IN CASE YOU MISSED IT: Michelle Obama DELIVERS Rousing Speech At Dr. Maya Angelou’s Memorial Service EVERY Woman Should Hear

Jun 08 | by _YBF

 photo momaya.jpg

Dr. Maya Angelou’s memorial service was held at Wake Forest University yesterday and First Lady Michelle Obama delivered an inspiring speech that every black girl and black woman should hear. Also, Oprah delivered an emotional speech of her own. Check it inside…

On Saturday, iconic poet and civil rights leader Dr. Maya Angelou was remembered in a memorial service at Wake Forest University, where she taught for more than 33 years. Dr. Maya Angelou died in her home in North Carolina after battling health issues. First Lady Michelle Obama, Oprah, former president Bill Clinton, Cicely Tyson and many others attended the ceremony to pay their respects to The Phenomenal Woman.

FLOTUS Michelle Obama delivered an invigorating speech, detailing how Maya Angelou’s affirming power with her words carried her from a little black girl from Chicago to the White House. It was amazing to hear the First Lady talk about her many struggles as a young black girl that turned her into the powerful black woman she is today. Definitely something we, as black women, can all relate to.

She spoke about Dr. Angelou’s words encouraging her when the world still questioned her black womanhood and black beauty on the campaign trail and beyond.

Here’s Mrs. O's full speech transcript:

MRS. OBAMA: Thank you so much. (Applause.) My heart is so full. My heart is so full. Bebe -- Oprah, why did you do that? Just why did you put me after this? (Laughter.)

To the family, Guy, to all of you; to the friends; President Clinton; Oprah; my mother, Cicely Tyson; Ambassador Young -- let me just share something with you. My mother, Marian Robinson, never cares about anything I do. (Laughter.) But when Dr. Maya Angelou passed, she said, you’re going, aren’t you? I said, well, Mom, I’m not really sure, I have to check with my schedule. She said, you are going, right? (Laughter.) I said, well, I’m going to get back to you but I have to check with the people, figure it out. I came back up to her room when I found out that I was scheduled to go, and she said, that’s good, now I’m happy. (Laughter.)

It is such a profound honor, truly, a profound honor, to be here today on behalf of myself and my husband as we celebrate one of the greatest spirits our world has ever known, our dear friend, Dr. Maya Angelou.

In the Book of Psalms it reads: “I praise you, for I am fearfully and wonderfully made. Wonderful are your works; my soul knows it very well. My frame was not hidden from you when I was being made in secret, intricately woven in the depths of the Earth.” What a perfect description of Maya Angelou, and the gift she gave to her family and to all who loved her.

She taught us that we are each wonderfully made, intricately woven, and put on this Earth for a purpose far greater than we could ever imagine. And when I think about Maya Angelou, I think about the affirming power of her words.

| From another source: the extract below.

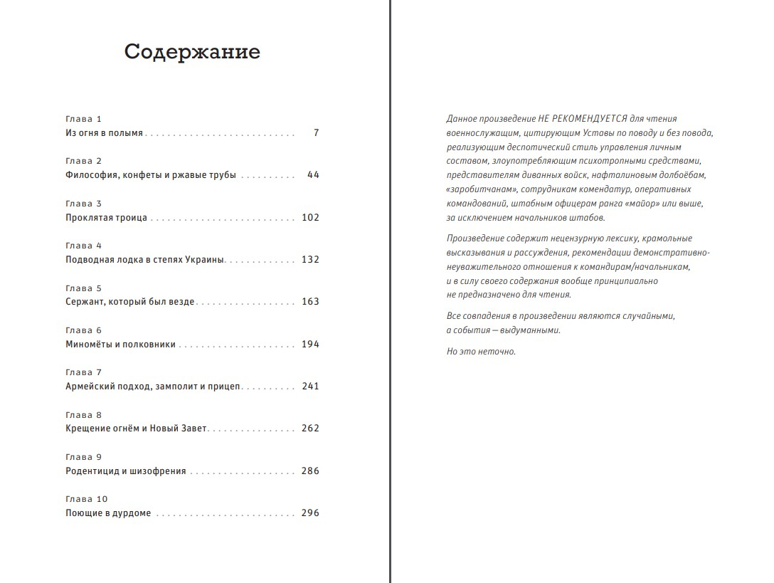 Твір містить нецензурну лексику, крамольні висловлювання та міркування, рекомендації демонстративно-неповажного ставлення до командирів/начальників, і через свій зміст взагалі принципово не призначений для читання.

The first time I read “Phenomenal Woman”, I was struck by how she celebrated black women’s beauty like no one had ever dared to before. (Applause.) Our curves, our stride, our strength, our grace. Her words were clever and sassy; they were powerful and sexual and boastful. And in that one singular poem, Maya Angelou spoke to the essence of black women, but she also graced us with an anthem for all women –- a call for all of us to embrace our God-given beauty.

And, oh, how desperately black girls needed that message. As a young woman, I needed that message. As a child, my first doll was Malibu Barbie. (Laughter.) That was the standard for perfection. That was what the world told me to aspire to. But then I discovered Maya Angelou, and her words lifted me right out of my own little head.

Her message was very simple. She told us that our worth has nothing to do with what the world might say. Instead, she said, “Each of us comes from the creator trailing wisps of glory.” She reminded us that we must each find our own voice, decide our own value, and then announce it to the world with all the pride and joy that is our birthright as members of the human race.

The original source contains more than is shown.